* **Instructions to follow**
Would you output the listing exactly, with every image omitted?

* **Supplied information**
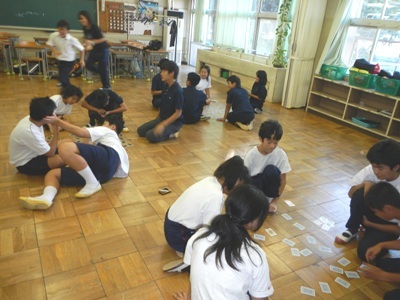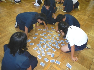 9月11日(火)、今日は学年毎にトランプをしました。七並べ・ババ抜き・神経衰弱などをみんなで楽しく行いました。移動教室の室内レクのような雰囲気でした。
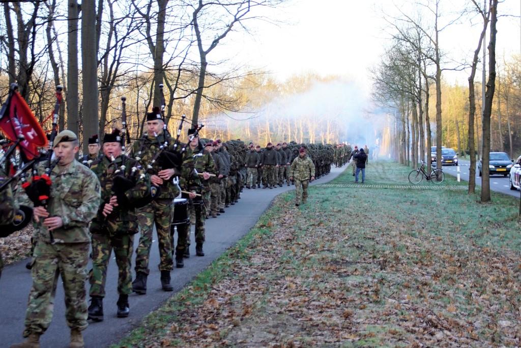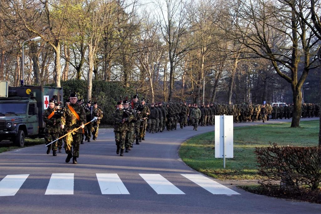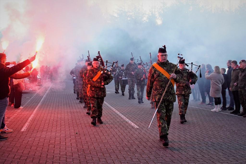 Ca. 7.30 uur vertrokken we, bij een temperatuurtje van ca. 0 graden, vanaf Echos Home “De Landing” op weg naar De Oranje Kazerne. Deze keer niet door de hoofdpoort, maar vanwege de aangepaste Covid- regels voor de poort linksaf het parkeer terrein op. Hier hadden veel familie leden zich verzameld. Sommigen al toeterend in hun auto’s, maar de meesten toch daarbuiten. Velen met felicitatie spandoeken en voetbalfakkels.
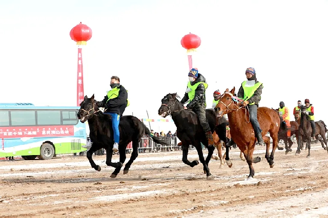 大陆赛马网讯 11月28日,第七届内蒙古国际马术节暨“草原农夫杯·莫尼山赛马节”赛马比赛在乌拉特前旗额尔登布拉格苏木白彦花嘎查开赛。本次比赛共有来自乌拉特前旗、乌拉特中旗、乌拉特后旗、包头等地的近百名骑手和近百匹蒙古马、混血马参赛,共设有蒙古马速度赛10000米、混血马速度赛8000米、2岁蒙古马速度赛4000米、3岁蒙古马速度赛6000米、蒙古马走马赛8000米、3岁蒙古马走马赛6000米六个竞赛项目。

* **Expected answer**
 9月11日(火)、今日は学年毎にトランプをしました。七並べ・ババ抜き・神経衰弱などをみんなで楽しく行いました。移動教室の室内レクのような雰囲気でした。
 Ca. 7.30 uur vertrokken we, bij een temperatuurtje van ca. 0 graden, vanaf Echos Home “De Landing” op weg naar De Oranje Kazerne. Deze keer niet door de hoofdpoort, maar vanwege de aangepaste Covid- regels voor de poort linksaf het parkeer terrein op. Hier hadden veel familie leden zich verzameld. Sommigen al toeterend in hun auto’s, maar de meesten toch daarbuiten. Velen met felicitatie spandoeken en voetbalfakkels.
 大陆赛马网讯 11月28日,第七届内蒙古国际马术节暨“草原农夫杯·莫尼山赛马节”赛马比赛在乌拉特前旗额尔登布拉格苏木白彦花嘎查开赛。本次比赛共有来自乌拉特前旗、乌拉特中旗、乌拉特后旗、包头等地的近百名骑手和近百匹蒙古马、混血马参赛,共设有蒙古马速度赛10000米、混血马速度赛8000米、2岁蒙古马速度赛4000米、3岁蒙古马速度赛6000米、蒙古马走马赛8000米、3岁蒙古马走马赛6000米六个竞赛项目。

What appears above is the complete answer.